▶ _Problem requirements_
Look below for the line that has "Среди находок весеннего"; output exactly from it through the line that has "Sejumlah warga melihat", and leave the pictures out.

▶ _Dataset extract_
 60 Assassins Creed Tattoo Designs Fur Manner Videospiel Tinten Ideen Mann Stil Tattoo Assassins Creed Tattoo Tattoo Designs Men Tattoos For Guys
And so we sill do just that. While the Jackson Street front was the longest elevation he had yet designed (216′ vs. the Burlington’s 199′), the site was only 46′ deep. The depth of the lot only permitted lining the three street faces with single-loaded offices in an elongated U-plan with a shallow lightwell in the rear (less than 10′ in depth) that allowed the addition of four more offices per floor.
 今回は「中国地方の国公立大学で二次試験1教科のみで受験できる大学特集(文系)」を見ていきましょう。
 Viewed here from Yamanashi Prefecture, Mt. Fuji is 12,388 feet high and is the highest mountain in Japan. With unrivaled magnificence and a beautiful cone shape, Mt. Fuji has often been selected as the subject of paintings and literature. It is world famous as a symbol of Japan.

---

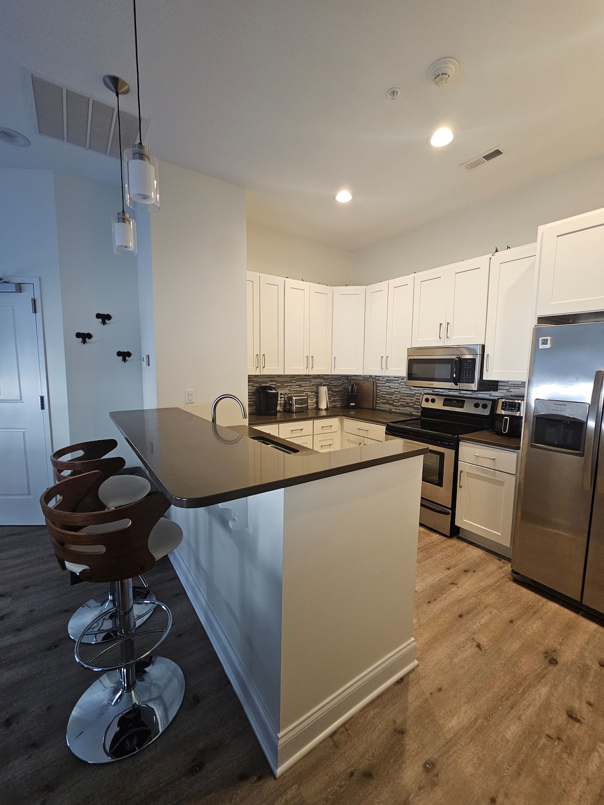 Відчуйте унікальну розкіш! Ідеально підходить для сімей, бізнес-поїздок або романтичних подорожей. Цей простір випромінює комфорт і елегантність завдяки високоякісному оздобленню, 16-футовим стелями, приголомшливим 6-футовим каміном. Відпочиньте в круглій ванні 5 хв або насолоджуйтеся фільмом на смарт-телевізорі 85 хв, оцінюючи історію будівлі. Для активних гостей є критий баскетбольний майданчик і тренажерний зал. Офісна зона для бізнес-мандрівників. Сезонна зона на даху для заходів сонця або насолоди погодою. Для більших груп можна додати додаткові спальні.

...

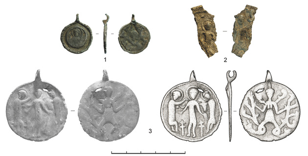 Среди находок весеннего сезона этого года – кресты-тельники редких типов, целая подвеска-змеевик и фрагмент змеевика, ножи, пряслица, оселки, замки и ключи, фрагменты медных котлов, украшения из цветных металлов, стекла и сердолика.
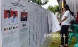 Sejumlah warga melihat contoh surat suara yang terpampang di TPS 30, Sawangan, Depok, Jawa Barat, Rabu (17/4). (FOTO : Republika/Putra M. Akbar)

▶ _Your solution_
 Среди находок весеннего сезона этого года – кресты-тельники редких типов, целая подвеска-змеевик и фрагмент змеевика, ножи, пряслица, оселки, замки и ключи, фрагменты медных котлов, украшения из цветных металлов, стекла и сердолика.
 Sejumlah warga melihat contoh surat suara yang terpampang di TPS 30, Sawangan, Depok, Jawa Barat, Rabu (17/4). (FOTO : Republika/Putra M. Akbar)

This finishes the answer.